[WHAT THE TASK REQUIRES]
Nothing in the entries may change when you repeat them, and no images may appear.

[Stored items from a collection]
-----

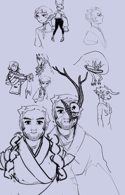 @soulartshares most recent things! I haven’t had the time or energy to finish much outside of commissions lately so they’re mostly unfinished. I draw lots of original characters from my personal worldbuilding project.
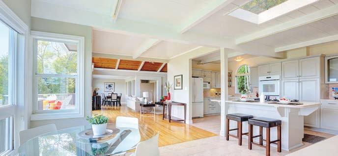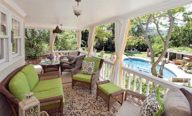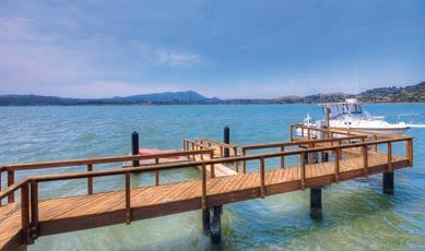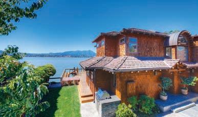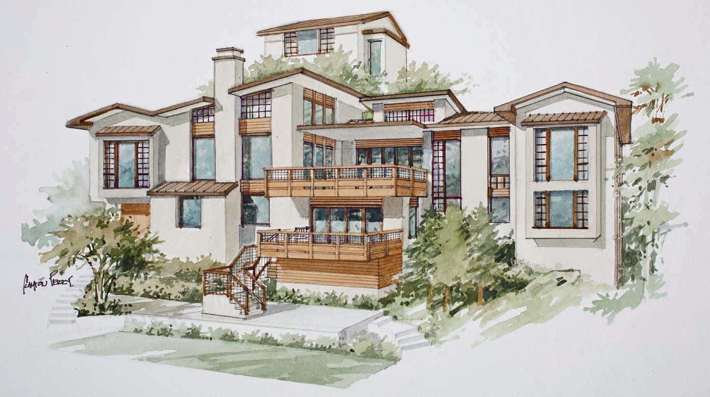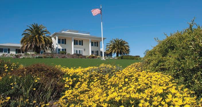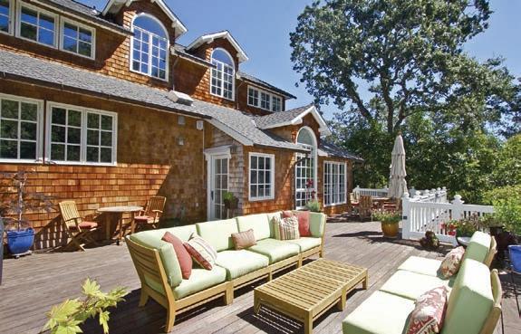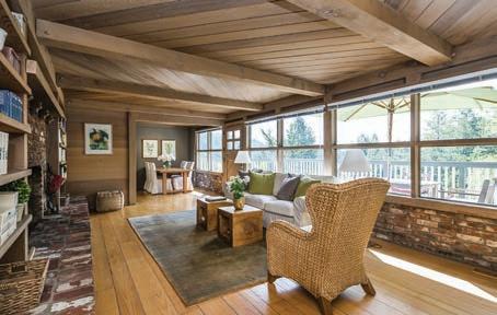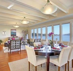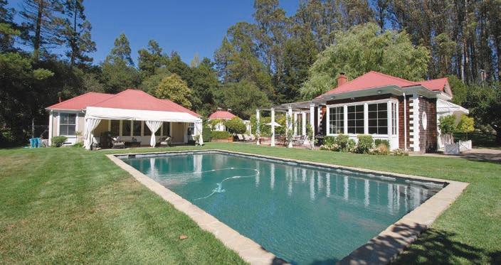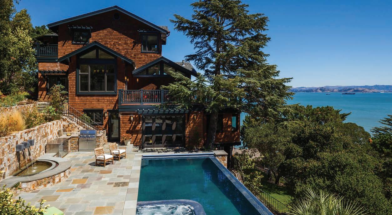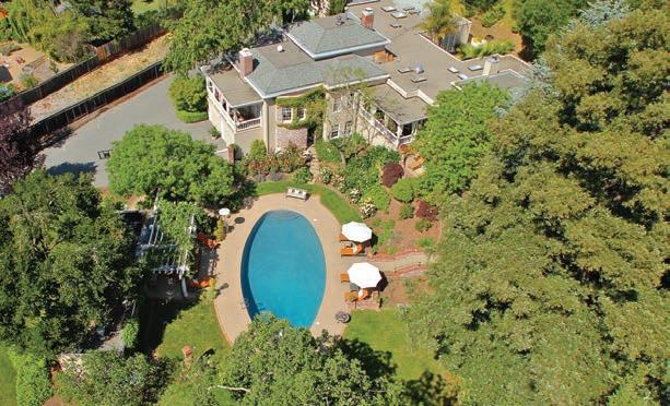 Originally built as a hunting lodge, it is now a majestic estate of 5900+ sq. ft., with 3 spacious en suite bedrooms plus an additional bedroom and 2 half baths. Updated and special features include a newly added formal dining room, remodeled kitchen/butler’s pantry, 1000 sq. ft. patio, executive o ce suite/ conference room, indoor gymnasium/basketball court, sound proofed music studio and meticulously manicured grounds featuring a regulation size pitcher’s mound, bocce ball court, and horse shoe court. ParadiseLodgeTiburon.com
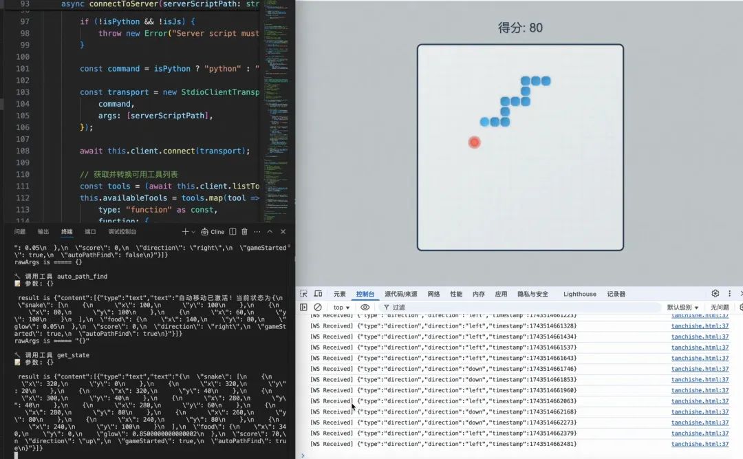 通过 MCP Server,成功与贪吃蛇客户端建立连接,并实现基础控制,接下来,就让 AI 来玩贪吃蛇吧。
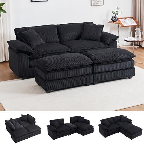 This contemporary sectional loveseat sofa set redefines relaxation and style, making it a standout addition to any living space. Crafted with soft corduroy upholstery and ample cushioning, it provides a comfortable seating experience suitable for long hours. The modular design features generous dimensions, with a total size of 84.6″ x 56.3″ x 34.3″, making it perfectly sized for apartments and home theaters alike. The inclusion of two ottomans not only enhances the versatility of the configuration but also offers options for additional seating or a footrest. Enhanced with two supportive back pillows, this elegant sofa ensures that you sink into a welcoming embrace, alleviating leg pressure and promoting relaxation.
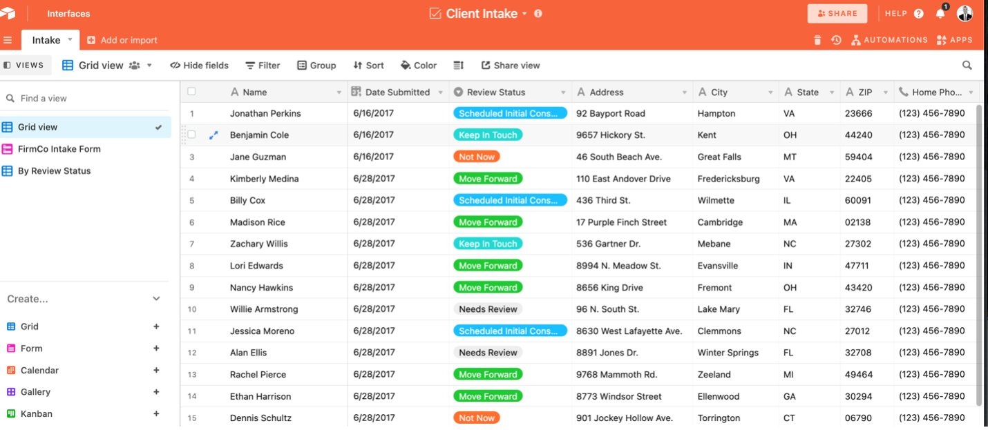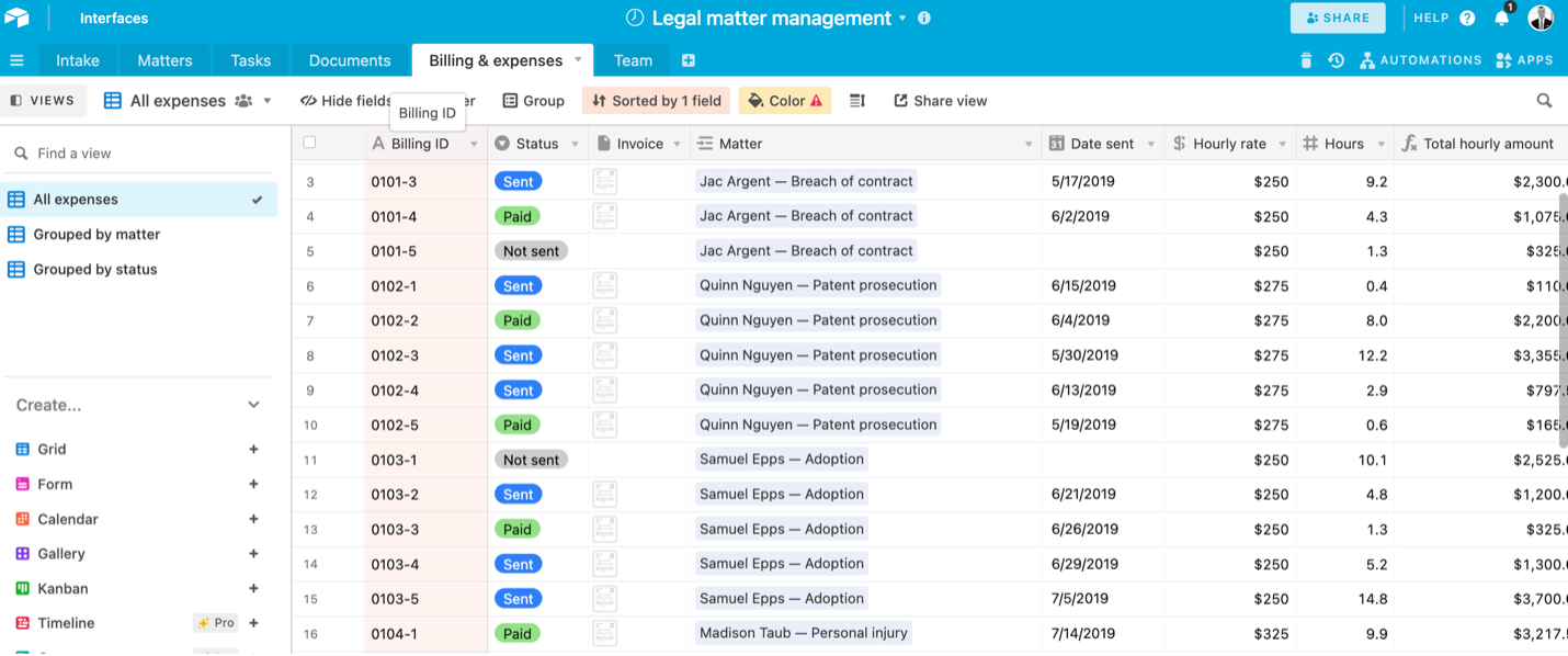 With Airtable, you can be very creative and create a case management system, a legal case analysis database, an intake database with an intake form, or a contract management system. All you need is a little bit of time and creativity to build powerful and dynamic apps.

-----

[ANSWER BOX]
 @soulartshares most recent things! I haven’t had the time or energy to finish much outside of commissions lately so they’re mostly unfinished. I draw lots of original characters from my personal worldbuilding project.
 Originally built as a hunting lodge, it is now a majestic estate of 5900+ sq. ft., with 3 spacious en suite bedrooms plus an additional bedroom and 2 half baths. Updated and special features include a newly added formal dining room, remodeled kitchen/butler’s pantry, 1000 sq. ft. patio, executive o ce suite/ conference room, indoor gymnasium/basketball court, sound proofed music studio and meticulously manicured grounds featuring a regulation size pitcher’s mound, bocce ball court, and horse shoe court. ParadiseLodgeTiburon.com
 通过 MCP Server,成功与贪吃蛇客户端建立连接,并实现基础控制,接下来,就让 AI 来玩贪吃蛇吧。
 This contemporary sectional loveseat sofa set redefines relaxation and style, making it a standout addition to any living space. Crafted with soft corduroy upholstery and ample cushioning, it provides a comfortable seating experience suitable for long hours. The modular design features generous dimensions, with a total size of 84.6″ x 56.3″ x 34.3″, making it perfectly sized for apartments and home theaters alike. The inclusion of two ottomans not only enhances the versatility of the configuration but also offers options for additional seating or a footrest. Enhanced with two supportive back pillows, this elegant sofa ensures that you sink into a welcoming embrace, alleviating leg pressure and promoting relaxation.
 With Airtable, you can be very creative and create a case management system, a legal case analysis database, an intake database with an intake form, or a contract management system. All you need is a little bit of time and creativity to build powerful and dynamic apps.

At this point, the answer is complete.